The script also sets model_used: "curated-itch-auto" on scaffolded entries and I set model_used: "curated-manual" on entries I fill in by hand. Both values are distinct from anything the nightly ETL writes (claude-haiku-4-5-*), which lets me filter the populations cleanly in any future queries or CI assertions without parsing additional fields.
When the script finishes, it prints a reminder to fill in good_for, avoid_if, and summary — those don't have reliable og: equivalents, so the scaffold puts placeholders. I don't run Claude against curated entries automatically yet; the count is small enough that writing them by hand is faster than wiring up another codepath.
Adapting the slug page
Two changes on the game detail page. First, the store link now branches:
const storeUrl = steamGame
? `https://store.steampowered.com/app/${game.appid}/`
: (game.external_url ?? "#");
const storeLabel = steamGame ? "View on Steam" : "Play on itch.io";
Second, affiliate store links (Humble, Fanatical) are Steam-only. An itch.io game searched on Humble usually returns nothing useful:
const otherStores = steamGame
? [
{ label: "Humble Store", url: humbleSearchUrl(game.name, aff.humblePartner) },
{ label: "Fanatical", url: fanaticalSearchUrl(game.name, aff.fanaticalAffiliate) },
].filter((s): s is { label: string; url: string } => s.url !== null)
: [];
There's no affiliate network for itch.io. Shin KoiKoi is free anyway, so I link directly and leave the affiliate block empty for itch entries.
What this doesn't handle
No AI-generated content for curated entries. The nightly ETL runs generate-content.ts against Turso rows where model_used is null or a placeholder value. Curated entries live in a static JSON file, not in Turso, so the ETL never sees them. I write their summary/good_for/avoid_if by hand. That's fine at one game; at ten or twenty I'd need to pipe them through the generation script separately or migrate them into Turso.
og: tag scraping is fragile. add-itch-game.mjs pattern-matches on specific meta tag structures that could break with a layout change. For my own game I'll notice immediately. For community-submitted entries I'd want something more stable, probably the undocumented itch.io API that third-party scrapers use, or an input form that lets submitters provide their own metadata.
Review counts stay null. Steam entries get total_reviews, total_positive, total_negative from the Steam API. Itch.io has no equivalent public endpoint. The template handles nulls by omitting the review section, but itch.io entries look thinner next to Steam entries with thousands of ratings. Whether that matters for engagement I won't know until the directory has traffic. I'll publish numbers in 30 days.

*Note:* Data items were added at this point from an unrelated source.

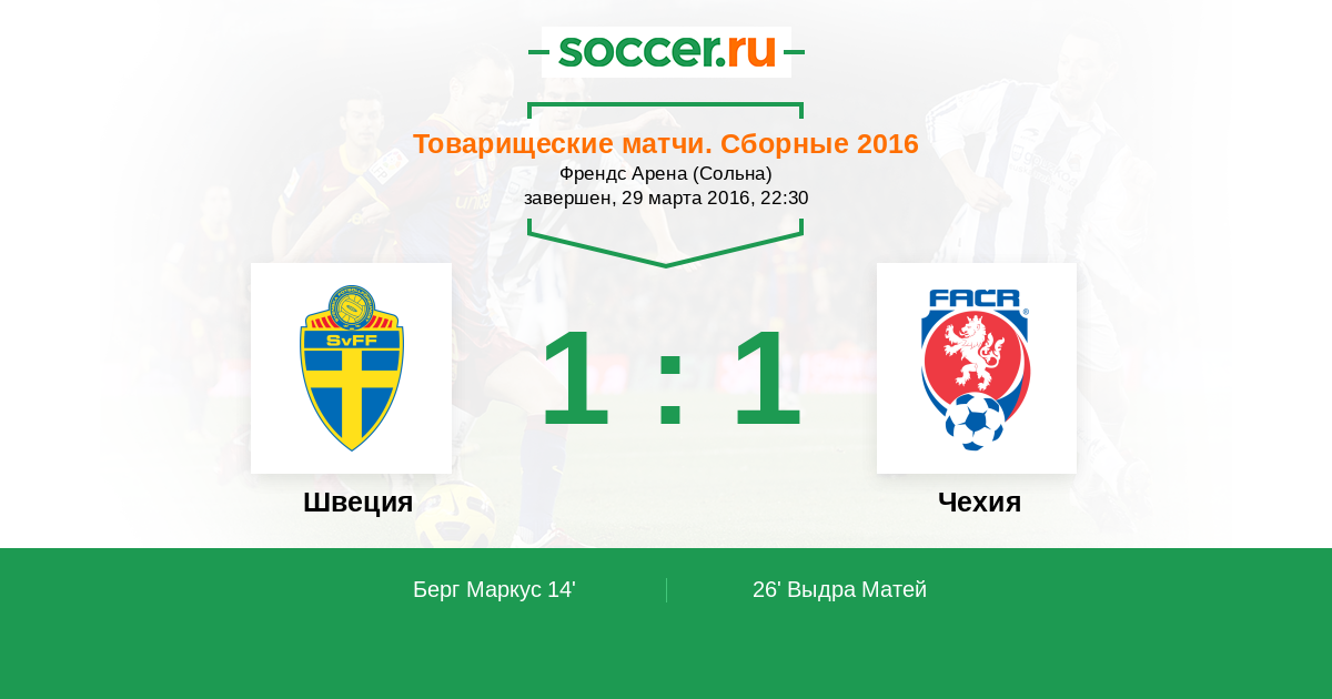 Протокол матча Швеция против Чехия
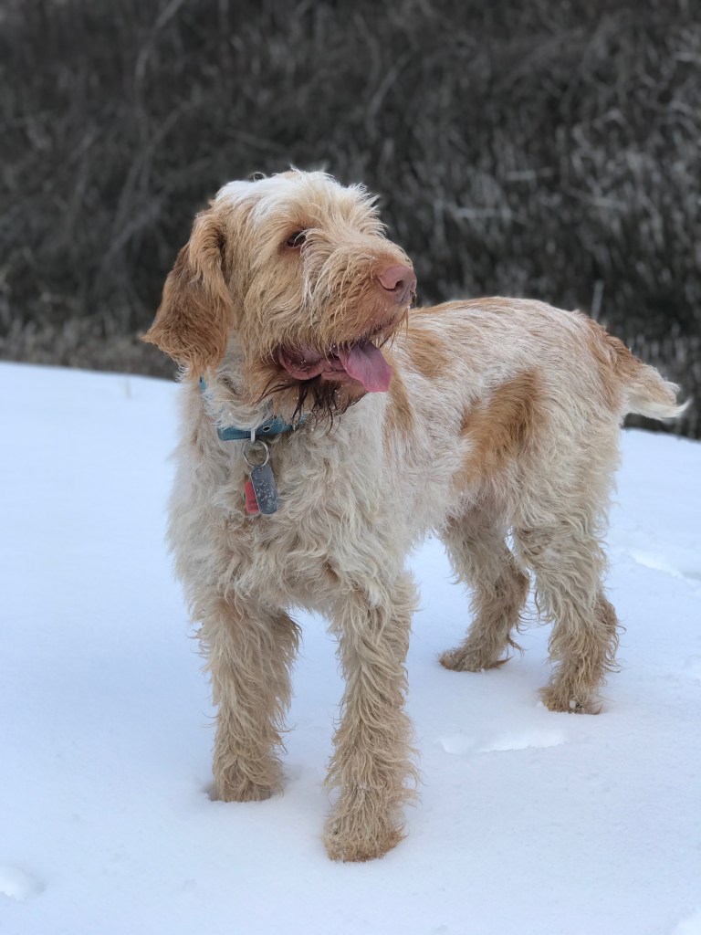 Ultimo del Subasio, or Timo, came to us from Ezio Pagliarini and the del Subasio Kennel of Bastia Umbra, Italy, in November of 2017. He was our beautiful, silly boy that loved to speak “Chewbacca”, do almost anything Fausti was doing, play in the water, tear through the snow and romp in the fields after ball or bird. He was the son of Rocco del Subasio and Pita del Subasio. His strong Spinoni features and expression said “look into my eyes”. For more information about his pedigree, ENCI, AKC or NAVHDA registrations; PennHip score or DNA analysis for CA, please contact us. We lost Ultimo in the early spring of 2025.
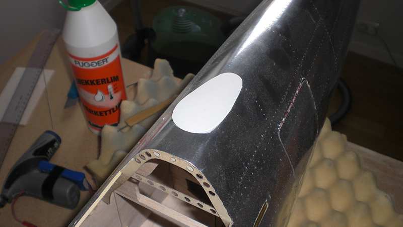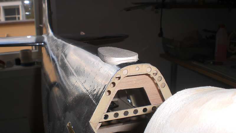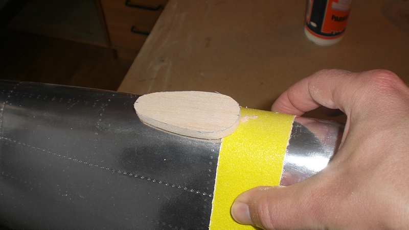 Laget også antennebasen. I ettertid ser jeg jo at det hadde vært lettere å bare bruke et tynt balsaflak og limt fast med hjelp av litt tape, men det er da kule måter og ikke-kule måter å gjøre ting på...
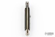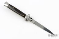 This Swivel Bolster features a satin finished flat ground blade. The handle has stainless bolsters, front and rear, buffalo horn scales, brass liners, stainless spring. Has some scratches, otherwise good condition.
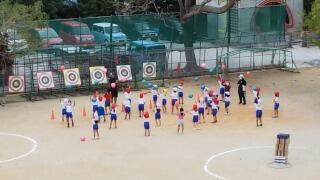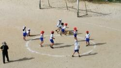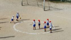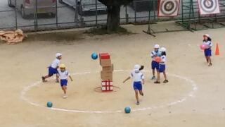 日頃の授業の様子です。1年1組、1年2組の体育の授業(ボールを的に当てる、投げ方)では、今回は授業改善リーダーの先生のもと授業を行っていました。いかにボールを的に当てるのか、投げ方の工夫や、遊び楽しみながら授業していました。狭い運動場を有効に使っています。
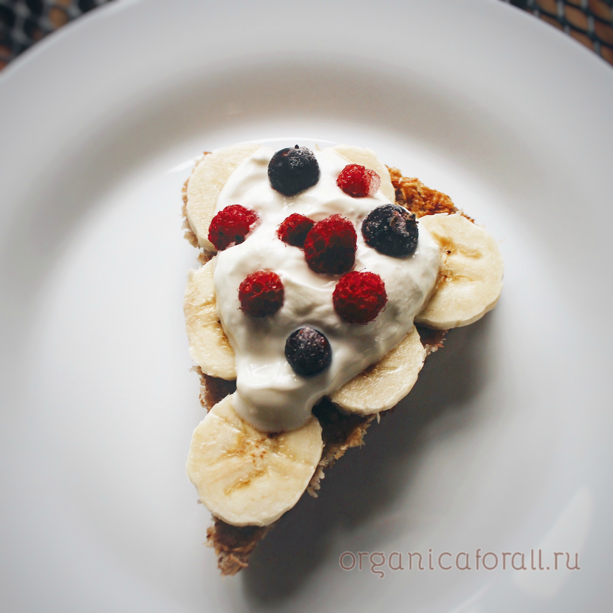 - Готовый пирог остудить. Украсить дольками банана, ягодами и любым кремом.
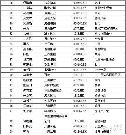 新浪科技讯,7月3日晚间消息,福布斯中文版今日推出“2013年中国50位最佳CEO”。在此榜单中,格力电器CEO董明珠排名第3,腾讯董事局主席兼CEO马化腾排名第5,联想集团CEO杨元庆排名第37,百度CEO李彦宏排名第40。
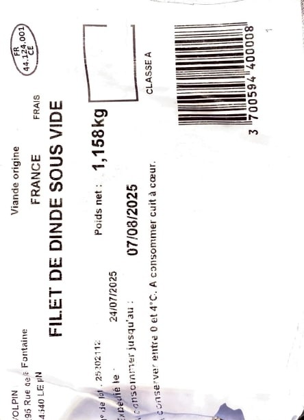 Identification des produits GTIN Lot Date 3435660649714 25202112 Date limite de consommation 07/08/2025 - Conditionnements

schema.org VideoGame offers. The current structured data for itch.io entries hardcodes price: "Free", which is correct for Shin KoiKoi but won't generalize. If I add a paid itch.io game I'll need to read the price from the og: tags or the curated.json entry explicitly.
What I'd do differently
The JSON sidecar was the fastest path to shipping. But if I were starting from scratch, I'd put curated entries into Turso from the beginning with a source TEXT DEFAULT 'steam' column rather than a parallel file. The sidecar means every component that builds a game list has two code paths (getAllGames() + getMergedGames()), and those diverge as the codebase grows. The tradeoff was acceptable for a one-afternoon addition, but it's technical debt I'll want to resolve before this pattern spreads to the other two sites.
Part of an ongoing 6-month experiment running three AI-curated directory sites. The technical claims here are real; this article was AI-assisted.